#### What the task asks:
Pictures stay out of this copy; please retype only the lines from the start of the records through the line with "واختلفوا في الثانية".

━━━━━━━━━━━━━━━━━━━━

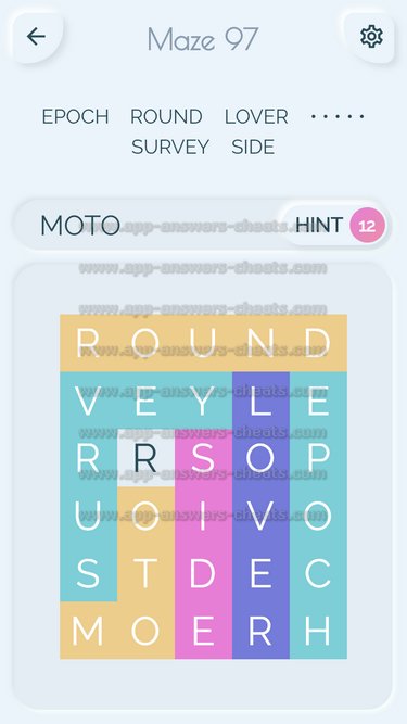 Word Maze Level 97 Answer, Cheat and Solution is online and available for this superb new word game created by Second Gear Games and compatible with Android, iPhone & iPad devices. You have to search all words with sliding over your screen. It’s a lovely game but sometimes you get stuck, that’s why we offer you help to solve all levels. Good luck and have fun. Thanks for your visit.
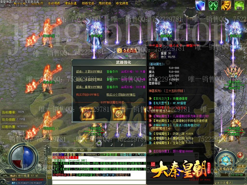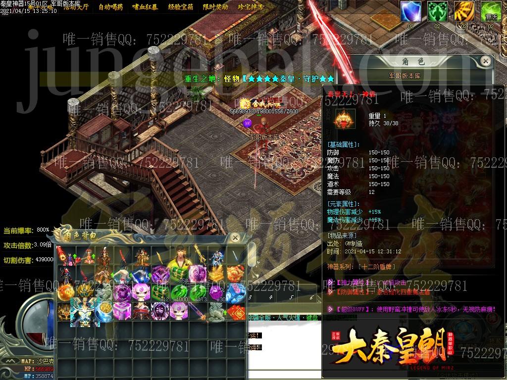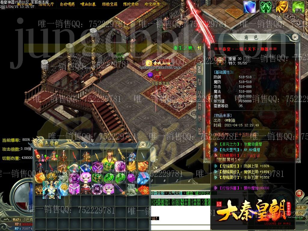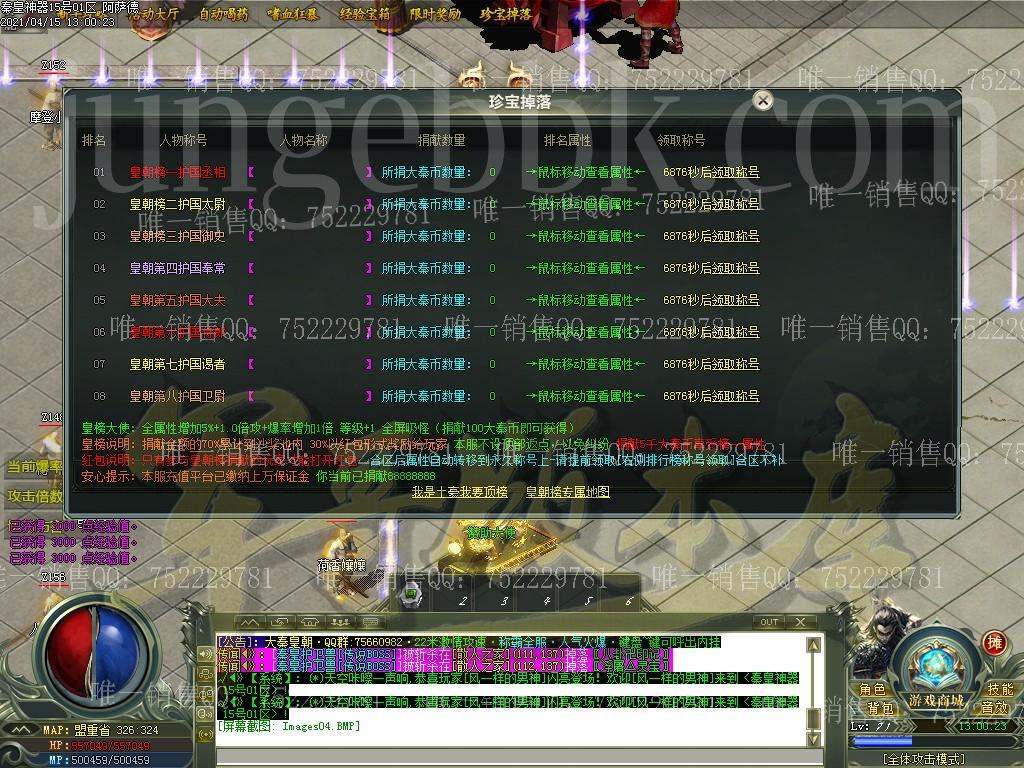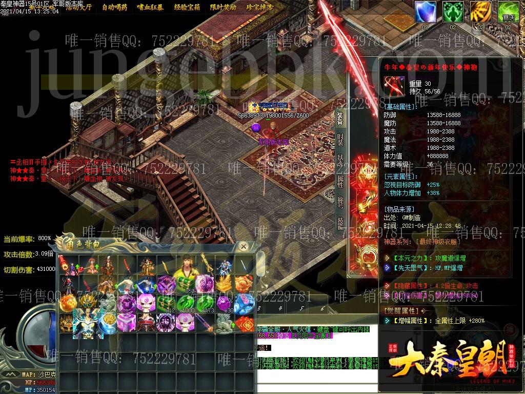 [爆率介绍] : 33阶(含33阶)装备永久回收大秦币 及特殊装备均可回收大秦币可!
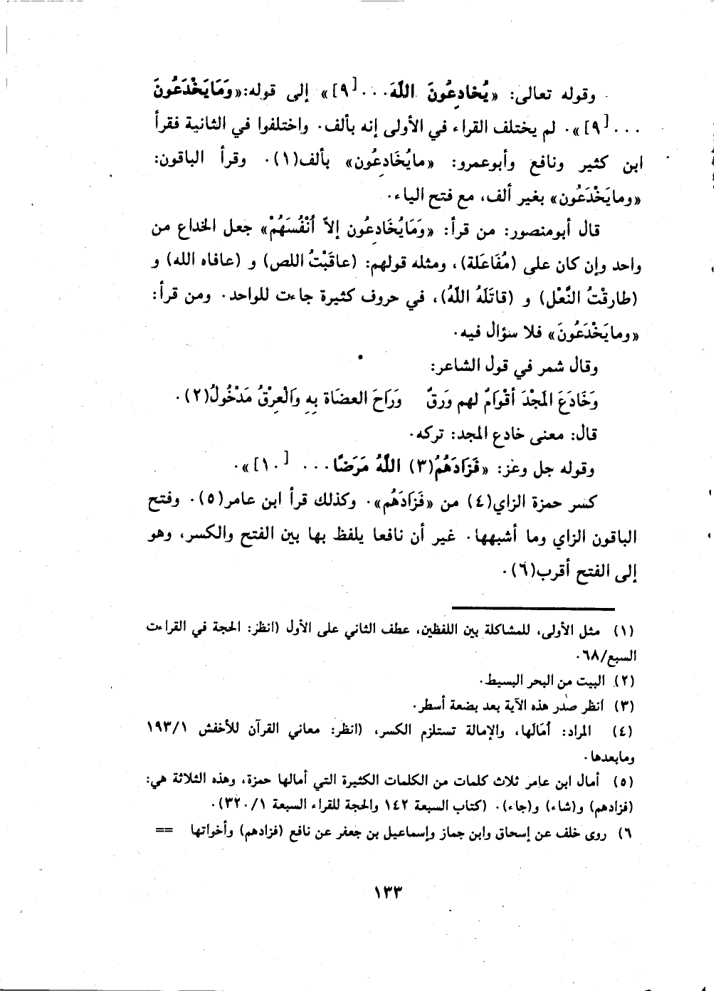 واختلفوا في الثانية فقرأ ابن كثير ونافع وأبو عمرو: (ما يُخَادعُون) بألف. وقرأ الباقون: (وَمَا يَخْدَعُونَ) بغير ألف، مع فتح الياء.
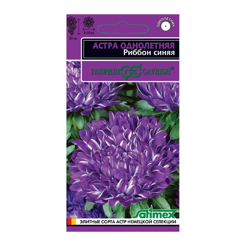 Синие пионовидные соцветия диаметром 8-10 см с ярким акцентом — белой продольной полосой на язычковых цветках. Куст компактный с прочными цветоносами, высотой 30 см. Цветение раннее, обильное и продолжительное. Для выращивания подходят хорошо освещенные участки с плодородной суглинистой или супесчаной почвой. Выращивают чаще всего рассадным способом. Семена высевают в марте-апреле, пикируют с развитием первой пары настоящих листочков по схеме 5х5 см, в открытый грунт рассаду высаживают с середины мая до начала июня. Возможен посев семян в открытый грунт ранней весной или под зиму с последующим мульчированием торфом или опилками. Низкорослые астры серии Риббон станут достойным украшением ваших балконов, вазонов, бордюров, цветников и патио-садиков.
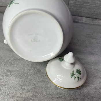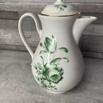 Czechoslovakia Bohemia zöld mintás aranyozott porcelán kancsó Ez az elegáns edény azt üzeni, hogy a szocialista blokkban is volt helye a luxusnak, csak éppen az aranyozott díszítés mögött egy zöld színű, mintás nosztalgia bújik meg. Ideális, ha a teázást is a csehszlovák minőség és a pazar csillogás jegyében végzed. 16 x 14 x 23 cm |
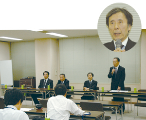 大久保満男会長(円内)は,三師会でレセプトオンライン化撤廃を求める共同声明を提出したことについて,ねばり強くやっていきたいとの意気込みを述べた. |
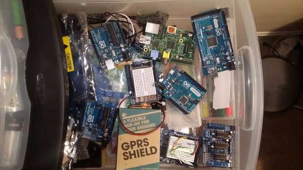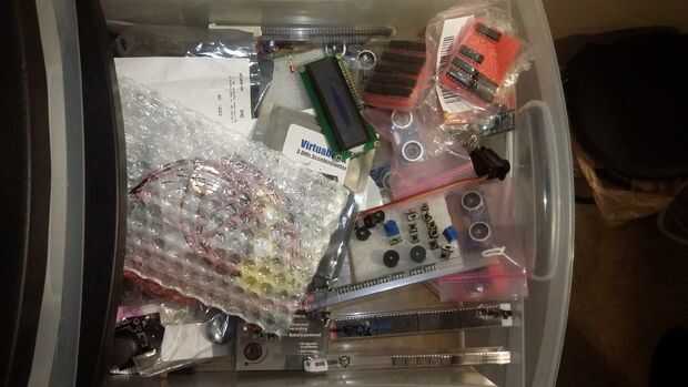 He intentado dividir mis cajones en categorías, pero finalmente se quedó sin espacio así que todo es un poco allí juntos. En un cajón, puedes ver algunas cosas de Arduino y un Raspberry Pi. Quieres tener un microcontrolador de algún tipo, tal vez una versión específica de elección. Para mí, es el Arduino. Son fáciles de usar y hay una tonelada de ayuda en línea si alguna vez sale pegado en algo. Como se puede ver, tengo algunos escudos Arduino, una cabeza de programación para Arduino Pro Mini, algunos mini breadboards y un montón de otras cosas. Usted se encontrará comprando unos complementos de Arduino para sus proyectos.

━━━━━━━━━━━━━━━━━━━━

#### Result of this exercise:
 Word Maze Level 97 Answer, Cheat and Solution is online and available for this superb new word game created by Second Gear Games and compatible with Android, iPhone & iPad devices. You have to search all words with sliding over your screen. It’s a lovely game but sometimes you get stuck, that’s why we offer you help to solve all levels. Good luck and have fun. Thanks for your visit.
 [爆率介绍] : 33阶(含33阶)装备永久回收大秦币 及特殊装备均可回收大秦币可!
 واختلفوا في الثانية فقرأ ابن كثير ونافع وأبو عمرو: (ما يُخَادعُون) بألف. وقرأ الباقون: (وَمَا يَخْدَعُونَ) بغير ألف، مع فتح الياء.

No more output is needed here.